It’s Earth Day again. The 40th one. What have you been up to?
I’ve been doing some gardening, and I’m enjoying listening to an audio book, The Botany of Desire by Michael Pollan. The author tells the fascinating stories of four plants: apples, tulips, potatoes and cannabis. You’ll enjoy pollinating your perspective with his excellent research! And I just discovered that PBS has produced a luscious video based on the book. You can stream it online or buy the DVD. You can download the entire transcript and take advantage of several lesson plans that are posted. What a great teaching resource!
This year, I worked on a project with Denise Moclair to help her publish a website to display her “green” artwork. Denise writes, “Transforming trash into treasure has always appealed to me. I like the challenge of making something out of nothing, of giving new life to something that has been discarded. ”

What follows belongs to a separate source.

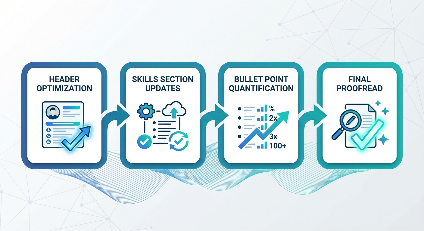 Visual flow chart showing the 'Remote Resume Checklist' - starting from Header optimization -> Skills Section updates -> Bullet point quantification -> Final Proofread

Denise uses a decoupage technique she developed to re-imagine and restore furnishings. For her more decorative pieces, she employs a Pique Assiette (peak H-see-ET) technique to create stunning mosaics.

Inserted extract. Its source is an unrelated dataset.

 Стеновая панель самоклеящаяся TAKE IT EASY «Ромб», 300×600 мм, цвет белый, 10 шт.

She writes, “The stream of waste flows deep and wide in America. With GreenTiques, I’m doing my small part with creative panache to find, salvage and re-purpose useful and decorative items.”
The moment her website was published, her artwork created an instant buzz in the Hampton Roads Virginia area. She was invited to be this month’s featured artist at The Blue Skies gallery in Hampton, VA. Her work will remain on exhibit at Blue Skies through May. One of her pieces, the epiphone guitar, was featured in this month’s print issue of Hampton Roads Magazine. You’ll find numerous images of her work on her website, www.GreenTiques.biz.
PBS has put together a great collection of videos for Earth Day. The Unitarian Universalist Association launched an Ethical Eating campaign today. The Earth Day Network is sponsoring many actions, including a Climate Rally in DC on the National Mall, Sunday, April 25, 11am to 7pm.
Admittedly, the enormity of the environmental problems facing us is daunting. But as the saying goes, all journeys must begin with a single step. In the last year, I’ve stopped eating meat and buying bottled water. We installed a filter on our sink. I shop at my local food co-op and farmer’s market. I’m taking care of the small patch of Earth for which I’m responsible: my yard. The newest addition to our tools is a manual lawn mower!
Taking personal responsibility for our delicate habitat is key to our survival, and it’s very rewarding. We have to take action in whatever ways we can. As the seventh Unitarian Universalist principle advises, we must affirm and promote “Respect for the interdependent web of all existence of which we are a part.”